Continuous aggregation (ClickHouse Materialized Views). Service-level and operation-level RED metrics are pre-aggregated into 5-minute buckets using AggregatingMergeTree + quantileTDigestState, keeping dashboards responsive over long time ranges. Bloom-filter indexes on src_pod / dst_pod power "Related Traces" pivots. See schemas/migrations/clickhouse_005_* through clickhouse_007_* for details.

API. All metrics are exposed under /api/v1/apm/* (backend/routers/apm.py), which proxies to timeseries-query for materialized-view reads. The Service Detail page links into Trace Explorer with the right filter applied.

Analysis Wizard & Lifecycle

The analysis wizard provides a guided step-by-step flow to configure a new eBPF data collection session.

Step 1: Scope Selection

Define what to observe:

Name and description for the analysis
Cluster mode: Single cluster or multi-cluster (up to 5 clusters simultaneously)
Scope type:
- Entire cluster — Monitor all namespaces
- Namespace(s) — Select specific namespaces (multi-select with cluster grouping)
- Deployment, Pod, and Label selector scopes (planned)
Multi-cluster scope modes:
- Unified scope — Same namespaces across all selected clusters
- Per-cluster scope — Different namespace selections per cluster (via tabs)
Change detection configuration:
- Enable/disable change detection
- Strategy selection: Baseline, Rolling Window, or Run Comparison

Step 2: Gadget Modules

Choose which eBPF gadgets to activate. Each module displays its description, expected data volume, and performance impact. All modules are selected by default; at least one is required.

Step 3: Time & Sizing

Configure how long and how much data to collect:

Mode	Description
Continuous	Runs indefinitely until manually stopped (with configurable auto-stop limit)
Fixed Duration	Runs for a specific period (minutes, hours, or days)
Scheduled	Runs during a specific time window (start time → end time)

Data retention policies:

Unlimited — No size cap
Stop on Limit — Auto-stop when data reaches a threshold (50 MB – 10 GB)
Rolling Window — Keep a fixed data size, rotating out old data (planned)
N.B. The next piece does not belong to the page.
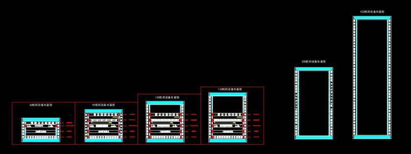 机柜设备布置图含:6U机柜设备布置图、9U机柜设备布置图、12U机柜设备布置图、24U机柜图块、48U机柜图块

Quick presets: 10-Minute Test, 1-Hour Scan, Size-Limited (1 GB), Default (continuous + unlimited)

Smart estimation panel — As you configure the analysis, Flowfish dynamically calculates estimated event counts and data volume based on the selected clusters, target namespaces, number of pods in scope, and active gadget modules. The estimation panel displays projected events/hour, data size/hour, and time to reach common storage thresholds. These estimates adapt in real-time as you change the scope or toggle gadgets — giving you an accurate forecast before starting the collection. Actual event volumes vary significantly depending on workload traffic patterns, so estimates are approximations tailored to your specific selection.

Analysis Lifecycle

Status	Description
Draft	Created but not yet started
Running	Actively collecting eBPF data
Running with Errors	Collecting data but some gadgets failed (partial collection)
Stopped	Manually stopped by user
Completed	Finished (timed mode elapsed or auto-stop triggered)
Failed	Could not start or encountered fatal error

Concurrent execution: Multiple analyses can run simultaneously across different clusters and namespaces. There is no frontend-enforced limit — each analysis operates independently with its own scope, gadgets, and timing.

Run history: Each analysis maintains a history of runs. The analysis list shows expandable rows with the last 5 runs, including start/stop times, events collected, and connections discovered.

Auto-stop warnings: When an analysis approaches its auto-stop limit, a WebSocket notification warns the user 2 minutes before shutdown.

Real-Time Dependency Mapping

The dependency map is the visual centerpiece of Flowfish. Built with React Flow, it renders an interactive graph of all discovered workload communications — not only between pods inside the cluster, but also to any external system that cluster workloads communicate with. When a pod connects to a database in your datacenter, an external SaaS API, a CDN, or any other endpoint outside the cluster, that connection appears on the map automatically. DNS enrichment resolves raw IPs to domain names (e.g., api.amazonaws.com instead of 52.94.x.x), making external dependencies immediately readable.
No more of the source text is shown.